With an ever receding horizon of opportunity before us we can dare to believe in ourselves and in humanity’s future, and we won’t have to ask when life begins. We will know that life ever is, has always been, and always will be; for a human being is far more than what we see. Inwardly, whatever our current karma, we have a long history stretching back far beyond this present life, an ancestry of soul experience that has been eons in the making and holds the promise of unimagined richness of quality and power to be unfolded in future cycles.

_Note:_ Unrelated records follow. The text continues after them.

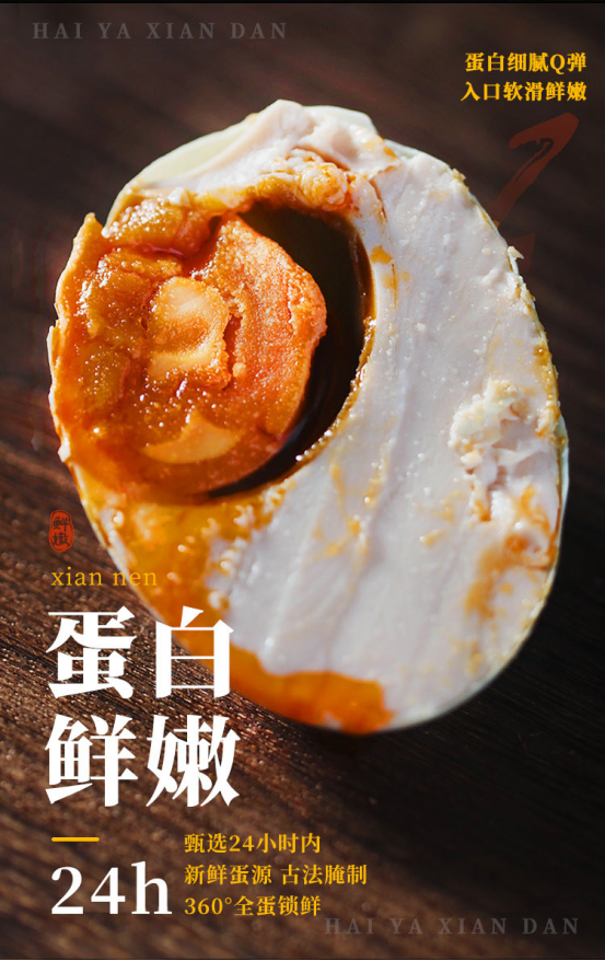我们只选用24小时内的鲜蛋入腌制池腌制,采用传统腌制工艺, 并按照科学的盐度比例和温度,腌制30天-45天, 最后通过130的高温烤制而成 使海鸭蛋具有香、油、松、嫩、沙、鲜的特点 咸香味正,风味正宗!
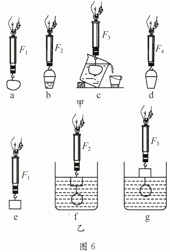 15. 小明同学在探究“浮力的大小等于什么”的实验时,所用实验器材为:弹簧测力计、密度大于水的塑料块、烧杯、小桶和水. $a$、$b$、$c$、$d$是四个步骤的示意图,其中$d$测量空桶受到的重力,四步实验中弹簧测力计的示数分别为$F_{1}$、$F_{2}$、$F_{3}$、$F_{4}$(如图6甲).
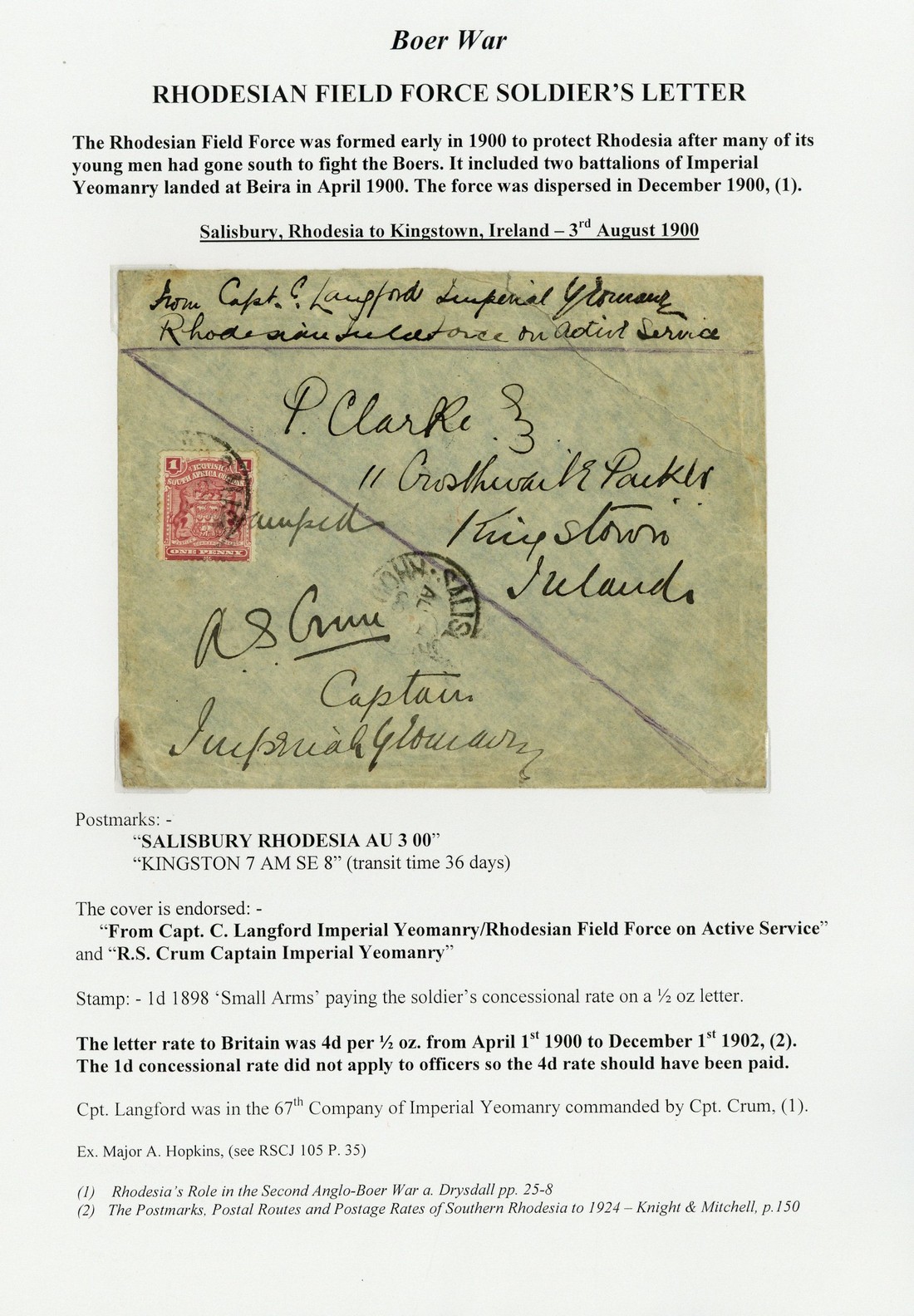 1900 soldier's envelopes from Marandellas and Salisbury to U.K. bearing 1d., and 1901 soldier's envelope from a member of the Cameron Scouts at Bulawayo to Melbourne bearing ½d. pair; a few faults though a scarce trio
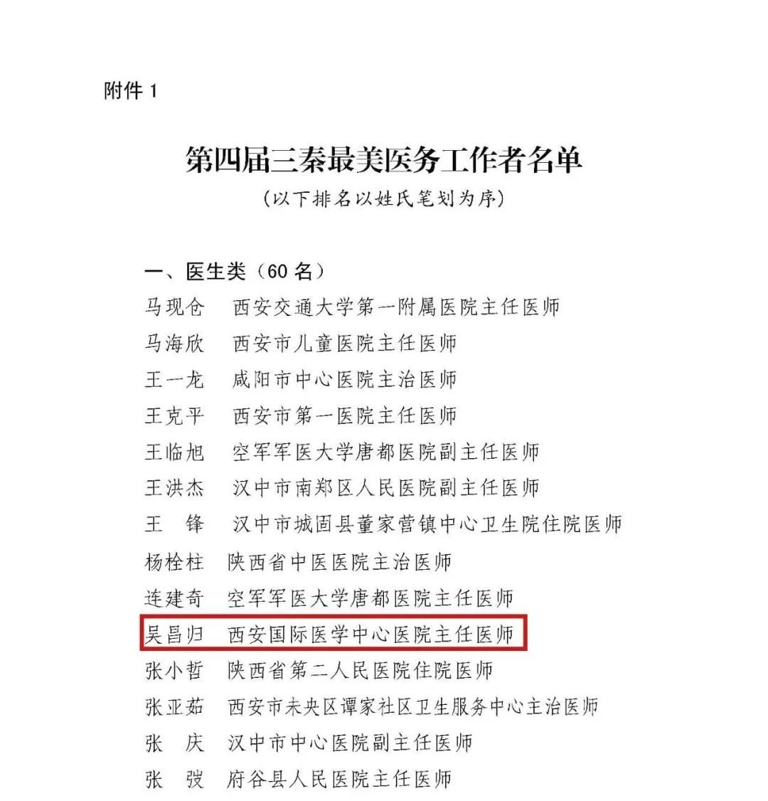 日前,陜西省衛(wèi)健委授予西安國(guó)際醫(yī)學(xué)中心醫(yī)院胸科醫(yī)院吳昌歸院長(zhǎng)“第四屆三秦最美醫(yī)務(wù)工作者”榮譽(yù)稱號(hào)。
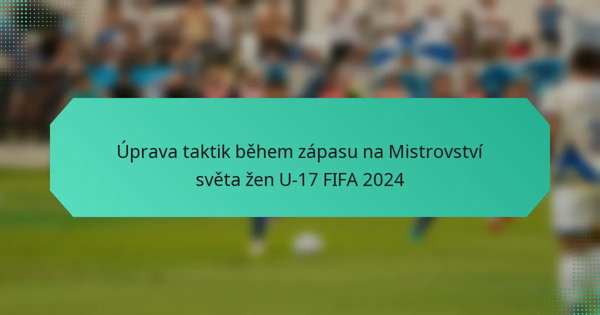 Klíčové taktické úpravy v zápasech Mistrovství světa žen do 17 let FIFA 2024 zahrnují strategické úpravy formací, střídání hráčů a taktické změny během hry. Trenéři a týmy reagují dynamicky na průběh zápasu, s cílem optimalizovat výkon na základě strategií soupeře a aktuálních podmínek zápasu.
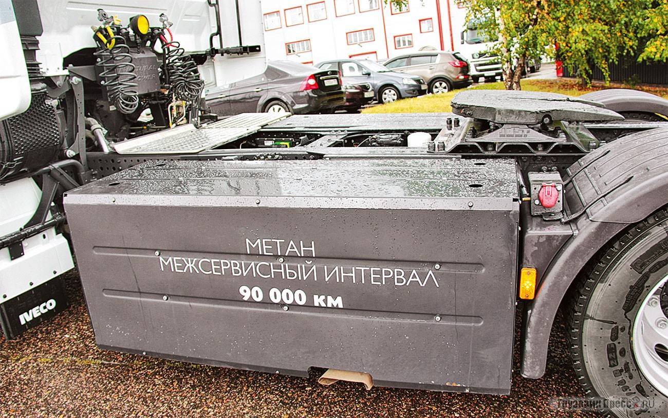 Две кассеты из восьми баллонов на борту тягача обеспечивают запас в 920 л сжатого метана. Его хватит примерно на 500 км – не густо для магистрального тягача, который имея на борту 1200 л дизтоплива способен преодолеть около 4000 км и более. Баллонное хозяйство тяжёлое и громоздкое, крадёт дорожный просвет, поэтому сопоставляю ему два дизельных бака слева и справа по 600 л.

Think what a release such a vision brings when grievous illness strikes. Though a part of us agonizes — for it is heartrending to be able to do so little to relieve the suffering of another — the shared knowledge of the justice and compassionate purpose behind all experience helps immeasurably to ease the pain of parting. Death comes to all, young and old alike. If we have but a few months to be with those we love, we can try to follow the admonition of Marcus Aurelius to “live on the mountaintop of our being.” Then when death comes, we will know that “all is well” for the one who must leave us for a while. Certainly the nature of the near-death experience reported so widely today is helping us to reassess our values about death: to see it as a friend, a wise provision of nature, and our children, our parents, and indeed everyone as expressions of the starry beings we interiorly are.